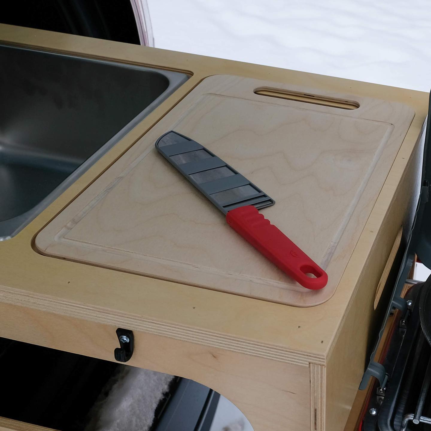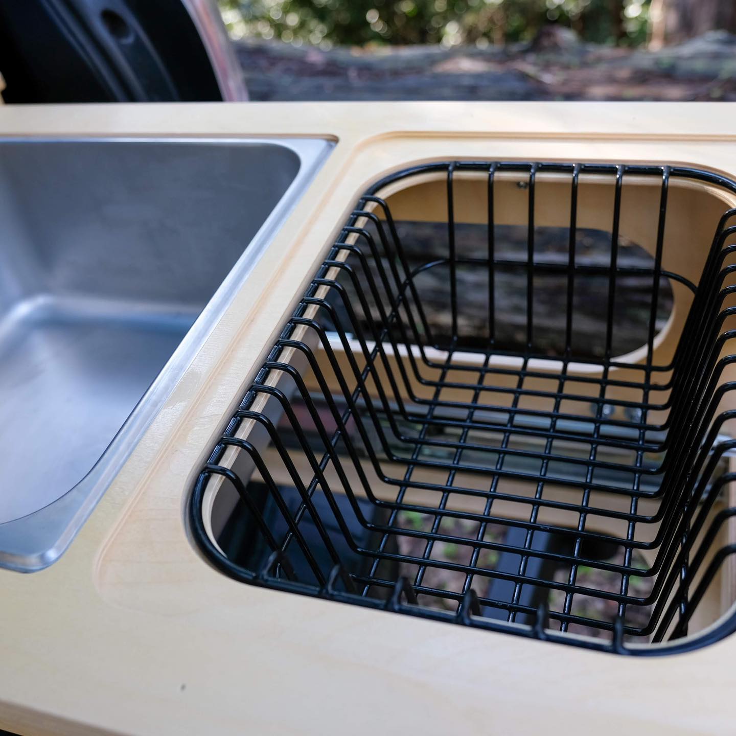 The vehicle-mounted kitchen is the perfect addition to any overland or adventure-mobile build: With an adjustable specialized strap system, it is as simple to install as hooking in a few ratchet straps and requires no tools or permanent modifications to your vehicle. The self-contained box pulls out in two sections on heavy-duty slides. The system is rated for up to 200 pounds and extends out of the trunk to provide an additional four feet of food prep, cooking, and clean up space. The first section hosts a stainless-steel wash basin and a sunken drying rack topped with a custom-fit bamboo cutting board, both double as space to store cookware. The second drawer section leaves room for a two-burner stove unit and is compatible with many popular options. The system also provides four hooks to hang accessories and the top surface of the frame supports water tanks with a spigot.
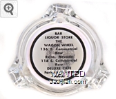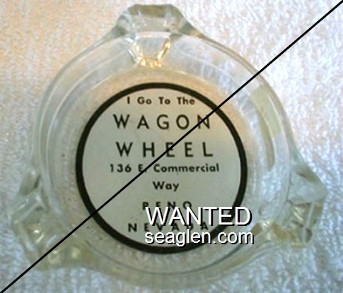 WWL-B1 Wagon Wheel 3 1/4" Clear Glass Ashtray "Bar, Liquor Store, The Wagon Wheel, 136 E. Commercial Row, Reno, Nevada, 116 E. Commercial Row, Deluxe Cafe, Famous Chinese Foods" - Black on white |
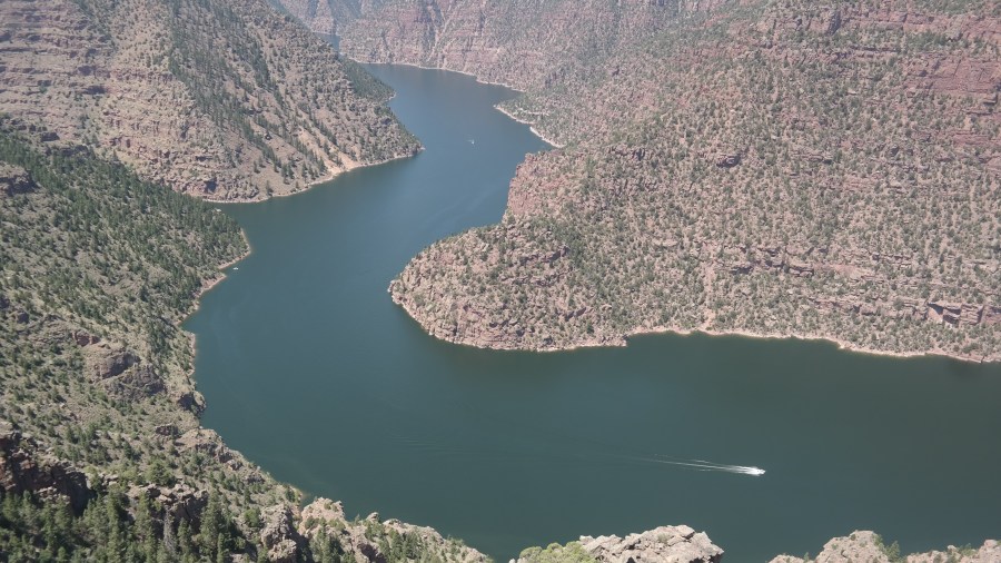 ממשיכים שעה צפונה מורנל, אך עדיין ביוטה, מגיעים ל Flaming Gorge National Recreation Area, תחילה לתצפית על סכר
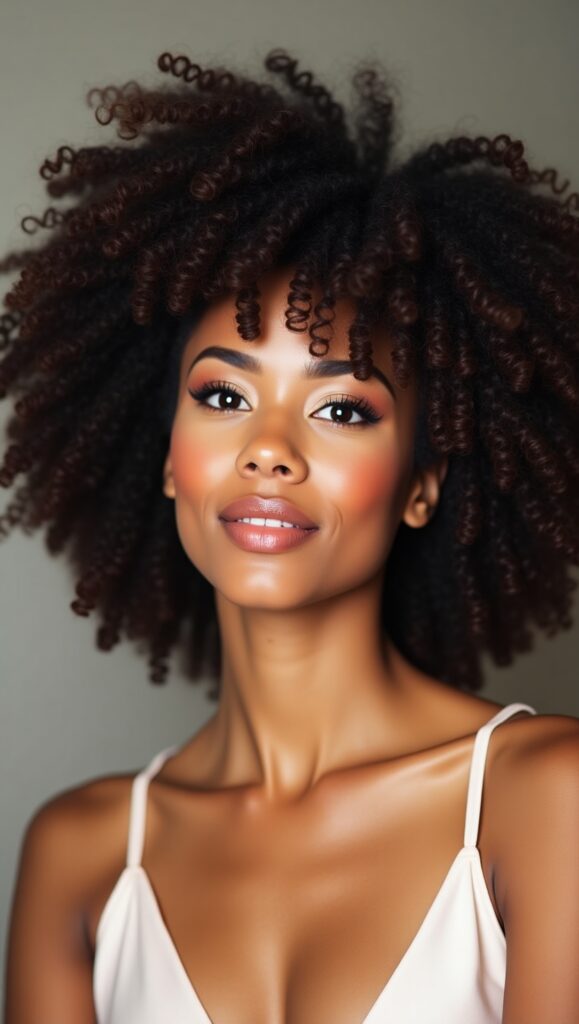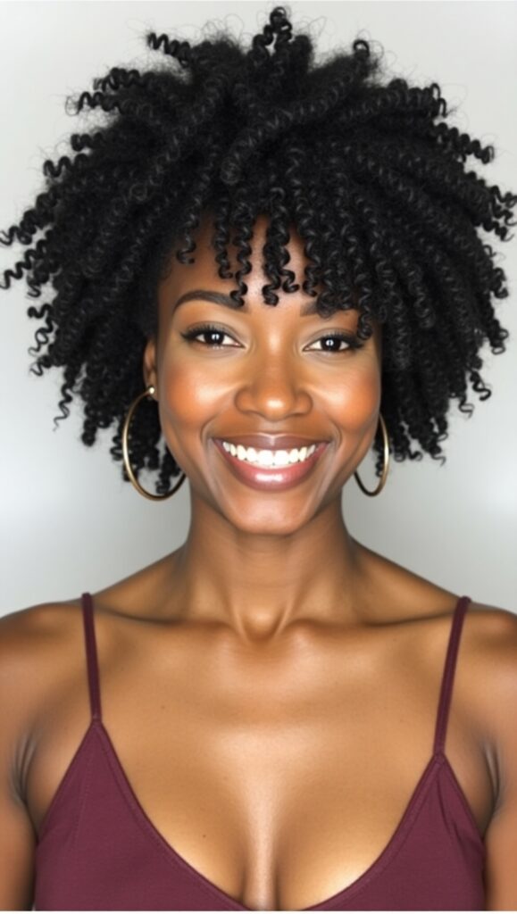 - Beschreibung: Ein vollständiger Afro mit einem Abschnitt von Locken, der als Pony bezeichnet wird und die Stirn für eine weiche, feminine Berührung umrahmt.
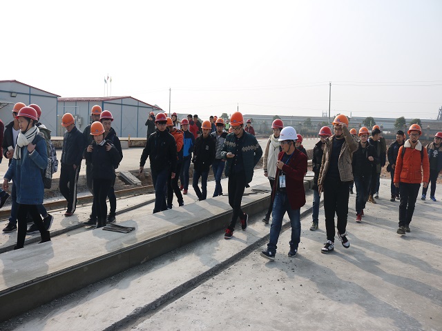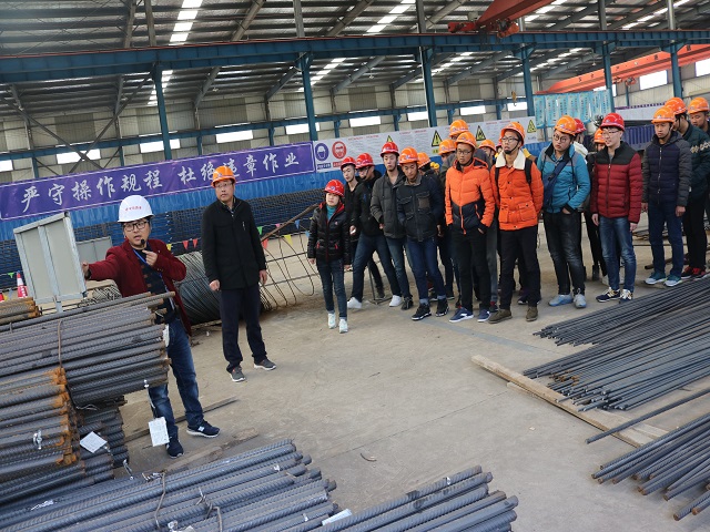 來訪師生在會議室聽取了項目副經理徐海東對項目總體概況、文明施工、標準化建設等項目管理中經驗及亮點的介紹后,參觀了鋼筋加工場、實驗室、預制場、料場以及官埠河大橋樁基和土方施工現場,全面了解了工程特點、施工進展情況,徐經理對同學們提出的問題一一做了解答,使同學們更深入地了解了施工工法及施工安全質量控制要點等。
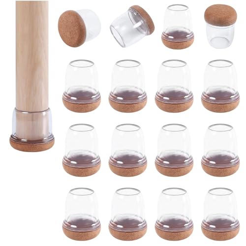 AWBEOT 16 Pcs Protection Pied de Chaise, Patin pour Chaises avec Feutre, Protecteurs de Sol en TPE Transparent, Protections Tampon de Sol, Convient aux Meubles avec un Diamètre de Pied de 14-19mm, [S]

Problem statement: Output the records exactly as they appear, skipping any pictures.

Answer:
 The vehicle-mounted kitchen is the perfect addition to any overland or adventure-mobile build: With an adjustable specialized strap system, it is as simple to install as hooking in a few ratchet straps and requires no tools or permanent modifications to your vehicle. The self-contained box pulls out in two sections on heavy-duty slides. The system is rated for up to 200 pounds and extends out of the trunk to provide an additional four feet of food prep, cooking, and clean up space. The first section hosts a stainless-steel wash basin and a sunken drying rack topped with a custom-fit bamboo cutting board, both double as space to store cookware. The second drawer section leaves room for a two-burner stove unit and is compatible with many popular options. The system also provides four hooks to hang accessories and the top surface of the frame supports water tanks with a spigot.
 WWL-B1 Wagon Wheel 3 1/4" Clear Glass Ashtray "Bar, Liquor Store, The Wagon Wheel, 136 E. Commercial Row, Reno, Nevada, 116 E. Commercial Row, Deluxe Cafe, Famous Chinese Foods" - Black on white |
 ממשיכים שעה צפונה מורנל, אך עדיין ביוטה, מגיעים ל Flaming Gorge National Recreation Area, תחילה לתצפית על סכר
 - Beschreibung: Ein vollständiger Afro mit einem Abschnitt von Locken, der als Pony bezeichnet wird und die Stirn für eine weiche, feminine Berührung umrahmt.
 來訪師生在會議室聽取了項目副經理徐海東對項目總體概況、文明施工、標準化建設等項目管理中經驗及亮點的介紹后,參觀了鋼筋加工場、實驗室、預制場、料場以及官埠河大橋樁基和土方施工現場,全面了解了工程特點、施工進展情況,徐經理對同學們提出的問題一一做了解答,使同學們更深入地了解了施工工法及施工安全質量控制要點等。
 AWBEOT 16 Pcs Protection Pied de Chaise, Patin pour Chaises avec Feutre, Protecteurs de Sol en TPE Transparent, Protections Tampon de Sol, Convient aux Meubles avec un Diamètre de Pied de 14-19mm, [S]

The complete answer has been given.